### PROBLEM TO WORK ON
From the first line of the data down to and including the line with "Alfredo Deluque, senador de la república", copy everything exactly, leaving out pictures.

### RECORDS FOR THIS TASK

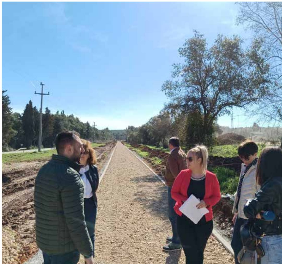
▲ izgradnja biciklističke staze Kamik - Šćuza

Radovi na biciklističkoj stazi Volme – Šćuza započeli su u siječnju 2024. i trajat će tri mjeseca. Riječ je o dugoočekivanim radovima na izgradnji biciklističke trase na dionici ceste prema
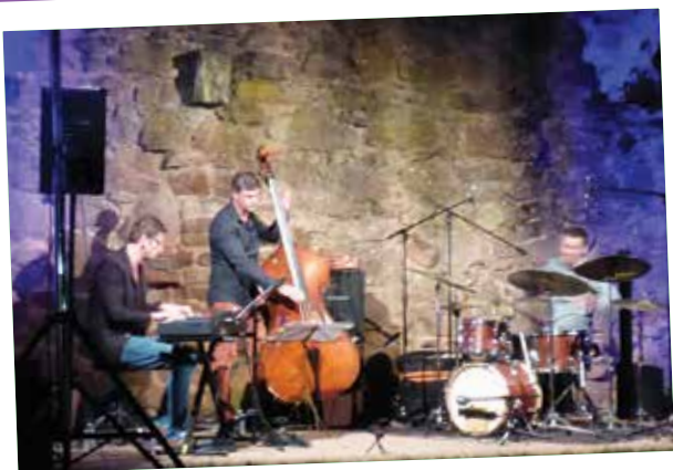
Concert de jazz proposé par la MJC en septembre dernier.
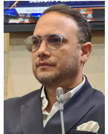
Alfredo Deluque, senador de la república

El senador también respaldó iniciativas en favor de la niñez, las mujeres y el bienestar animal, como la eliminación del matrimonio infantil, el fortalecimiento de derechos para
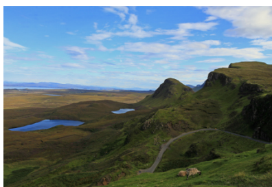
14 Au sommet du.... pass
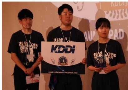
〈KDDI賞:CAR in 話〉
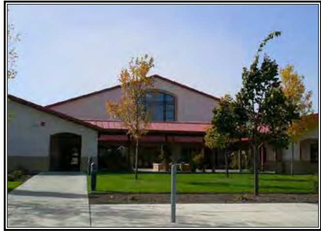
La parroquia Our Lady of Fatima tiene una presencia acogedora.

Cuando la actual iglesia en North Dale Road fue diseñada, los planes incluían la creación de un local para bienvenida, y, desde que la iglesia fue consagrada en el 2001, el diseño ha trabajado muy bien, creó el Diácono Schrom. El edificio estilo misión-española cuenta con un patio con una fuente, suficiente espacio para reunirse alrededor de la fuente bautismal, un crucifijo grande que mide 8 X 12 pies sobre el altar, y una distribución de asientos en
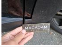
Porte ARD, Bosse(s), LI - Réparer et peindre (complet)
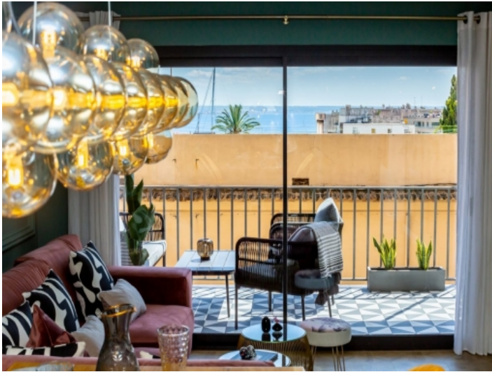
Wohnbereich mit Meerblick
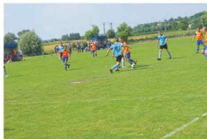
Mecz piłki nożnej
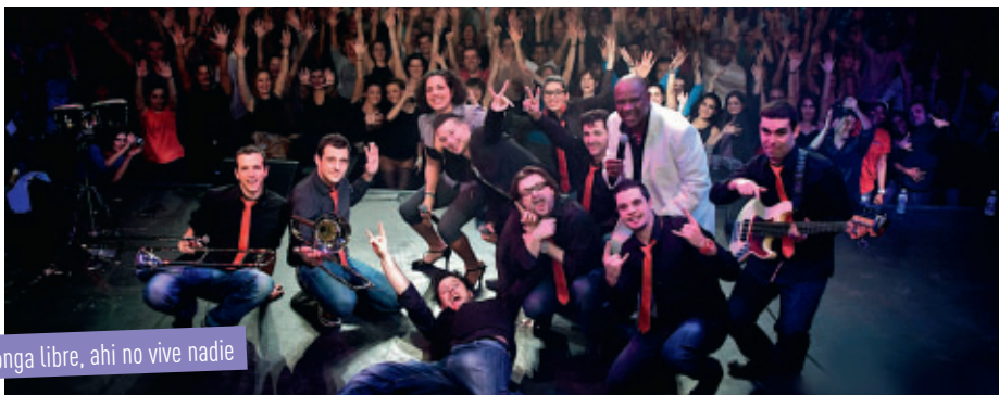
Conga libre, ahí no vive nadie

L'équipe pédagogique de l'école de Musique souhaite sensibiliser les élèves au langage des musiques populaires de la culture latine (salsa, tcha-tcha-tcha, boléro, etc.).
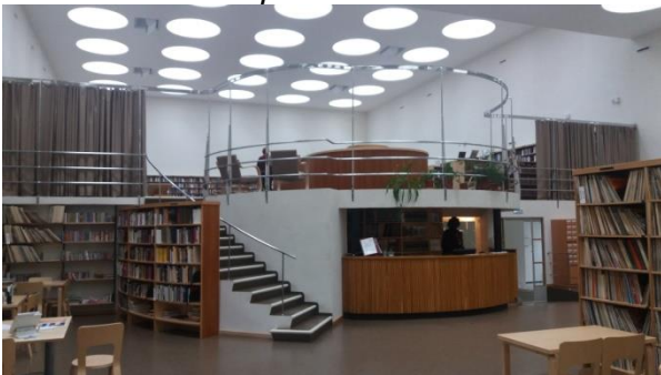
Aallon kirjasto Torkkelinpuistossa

### EXERCISE RESULT
▲ izgradnja biciklističke staze Kamik - Šćuza

Radovi na biciklističkoj stazi Volme – Šćuza započeli su u siječnju 2024. i trajat će tri mjeseca. Riječ je o dugoočekivanim radovima na izgradnji biciklističke trase na dionici ceste prema
Concert de jazz proposé par la MJC en septembre dernier.
Alfredo Deluque, senador de la república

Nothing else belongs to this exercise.